* _What to do_:
Look below for the line containing "- Secure Interlocking"; from there through the line containing "半袖カットソー 半袖シャツ ダメージTシャツ08084", both lines included, please set down each line exactly and nothing else.

* _Dataset records_:
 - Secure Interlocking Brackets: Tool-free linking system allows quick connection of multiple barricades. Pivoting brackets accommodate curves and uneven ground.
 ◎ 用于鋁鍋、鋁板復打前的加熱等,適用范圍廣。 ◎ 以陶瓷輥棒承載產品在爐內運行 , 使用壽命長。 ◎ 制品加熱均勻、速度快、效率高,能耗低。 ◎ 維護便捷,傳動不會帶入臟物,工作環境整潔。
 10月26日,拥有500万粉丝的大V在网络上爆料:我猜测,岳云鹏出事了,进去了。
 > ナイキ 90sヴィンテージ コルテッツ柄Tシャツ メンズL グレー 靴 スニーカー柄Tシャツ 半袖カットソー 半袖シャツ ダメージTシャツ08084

--

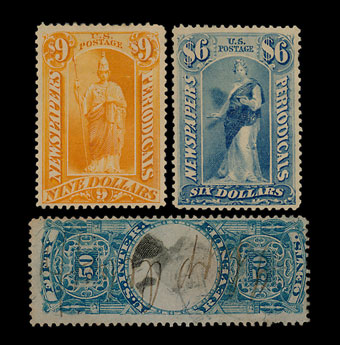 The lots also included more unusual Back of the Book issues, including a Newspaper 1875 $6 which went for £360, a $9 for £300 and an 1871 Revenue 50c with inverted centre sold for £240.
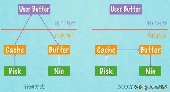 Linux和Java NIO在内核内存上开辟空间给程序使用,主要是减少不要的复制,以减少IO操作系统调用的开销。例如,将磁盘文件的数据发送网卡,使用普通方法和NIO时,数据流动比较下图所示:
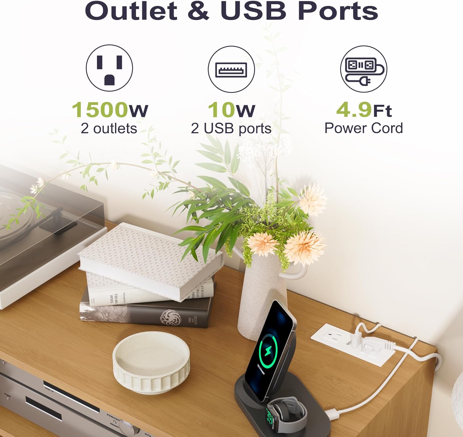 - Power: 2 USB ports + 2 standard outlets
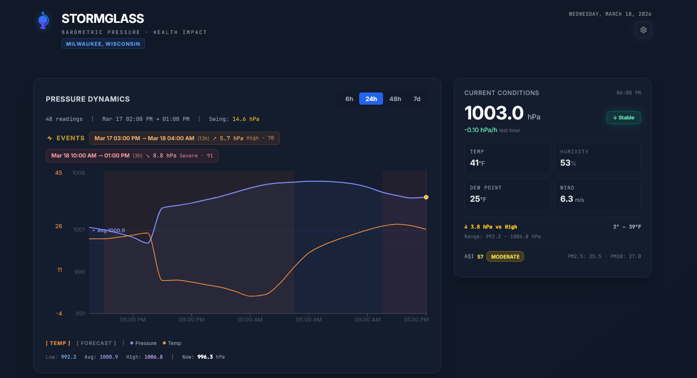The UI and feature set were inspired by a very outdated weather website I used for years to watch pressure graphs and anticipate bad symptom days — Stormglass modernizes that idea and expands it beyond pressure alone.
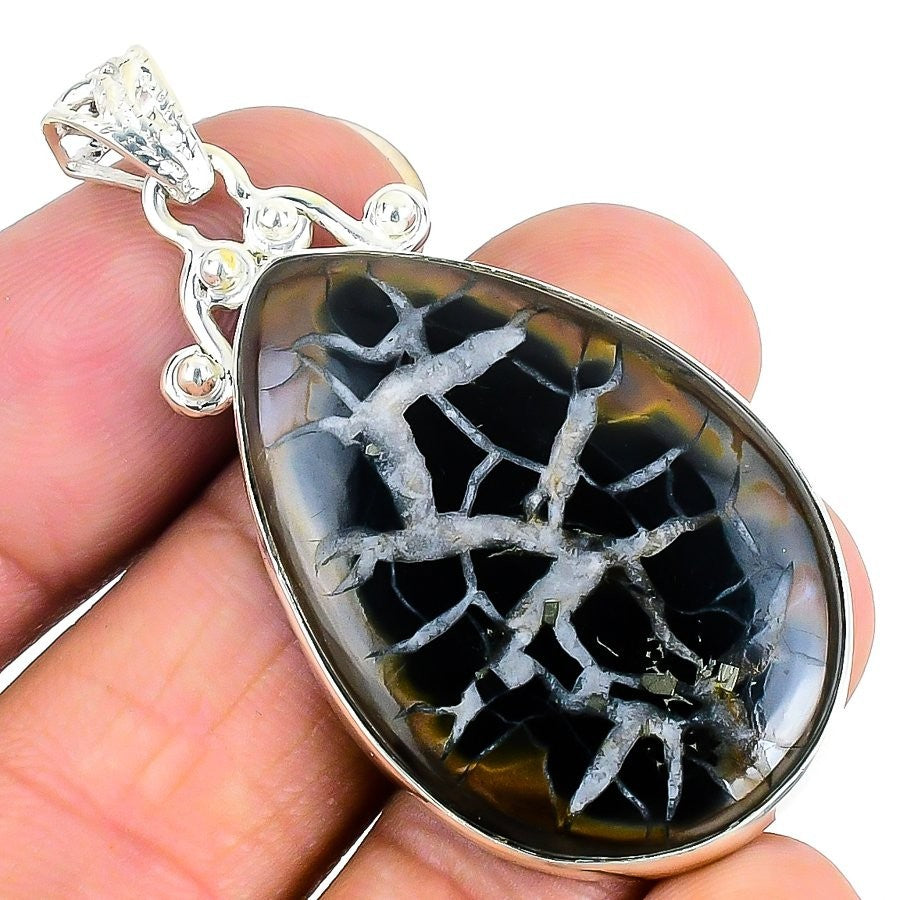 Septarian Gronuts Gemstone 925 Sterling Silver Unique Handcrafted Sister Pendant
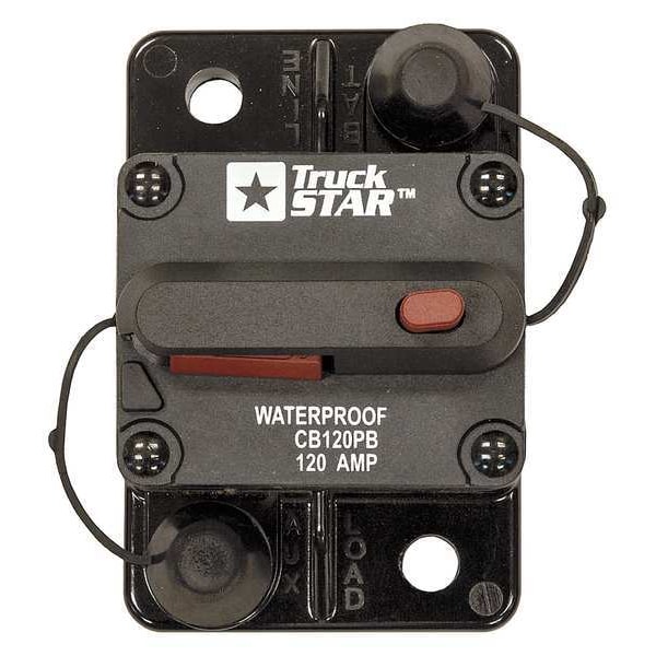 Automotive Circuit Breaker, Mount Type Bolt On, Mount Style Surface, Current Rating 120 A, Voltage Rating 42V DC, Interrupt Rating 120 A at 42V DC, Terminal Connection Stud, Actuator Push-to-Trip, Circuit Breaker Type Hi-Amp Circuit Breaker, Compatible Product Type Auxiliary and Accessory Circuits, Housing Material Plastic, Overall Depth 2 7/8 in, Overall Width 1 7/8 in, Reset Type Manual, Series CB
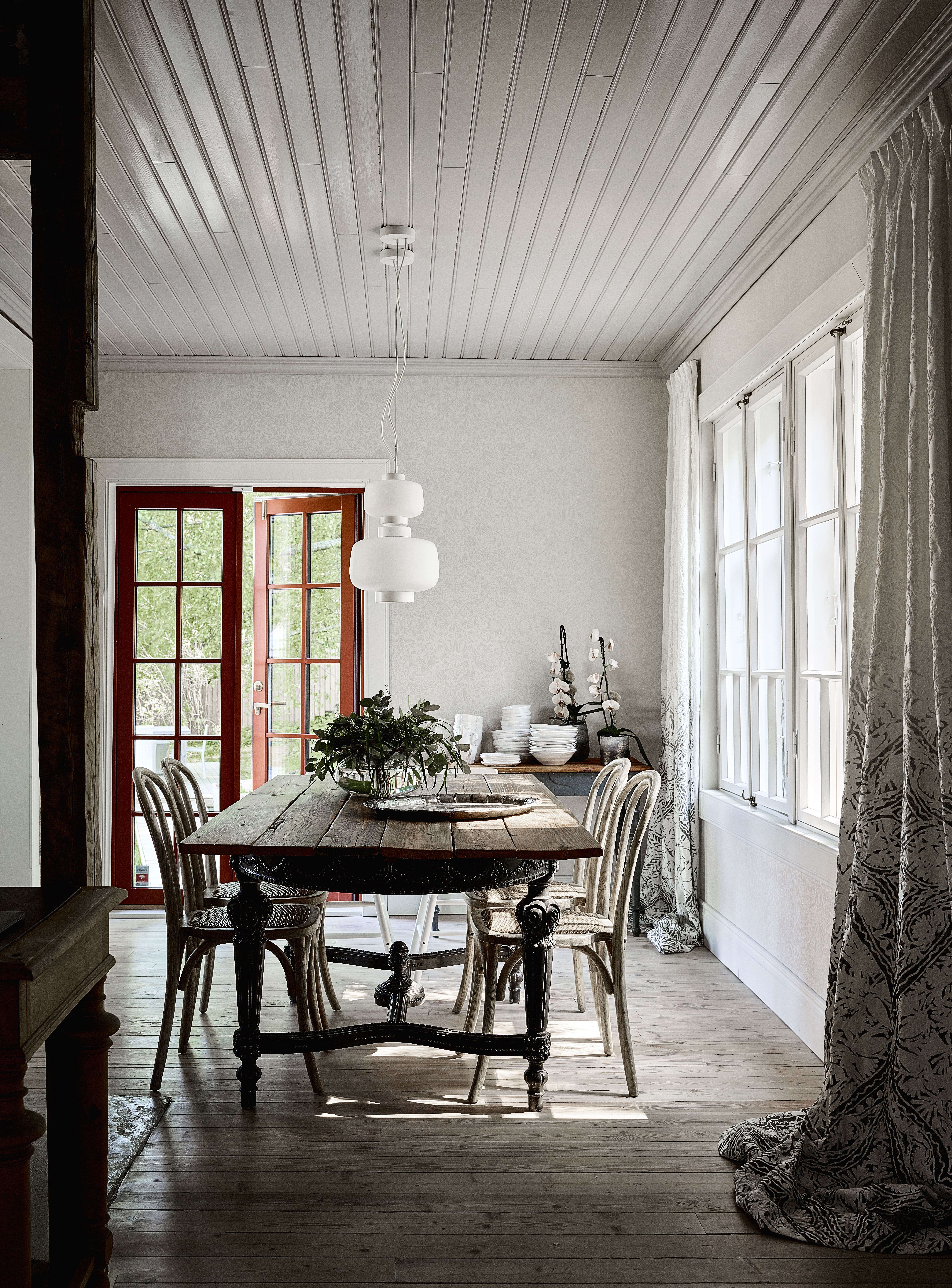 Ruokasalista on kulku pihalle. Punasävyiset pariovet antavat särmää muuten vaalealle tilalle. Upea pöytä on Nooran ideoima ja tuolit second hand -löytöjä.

* _Written response_:
 - Secure Interlocking Brackets: Tool-free linking system allows quick connection of multiple barricades. Pivoting brackets accommodate curves and uneven ground.
 ◎ 用于鋁鍋、鋁板復打前的加熱等,適用范圍廣。 ◎ 以陶瓷輥棒承載產品在爐內運行 , 使用壽命長。 ◎ 制品加熱均勻、速度快、效率高,能耗低。 ◎ 維護便捷,傳動不會帶入臟物,工作環境整潔。
 10月26日,拥有500万粉丝的大V在网络上爆料:我猜测,岳云鹏出事了,进去了。
 > ナイキ 90sヴィンテージ コルテッツ柄Tシャツ メンズL グレー 靴 スニーカー柄Tシャツ 半袖カットソー 半袖シャツ ダメージTシャツ08084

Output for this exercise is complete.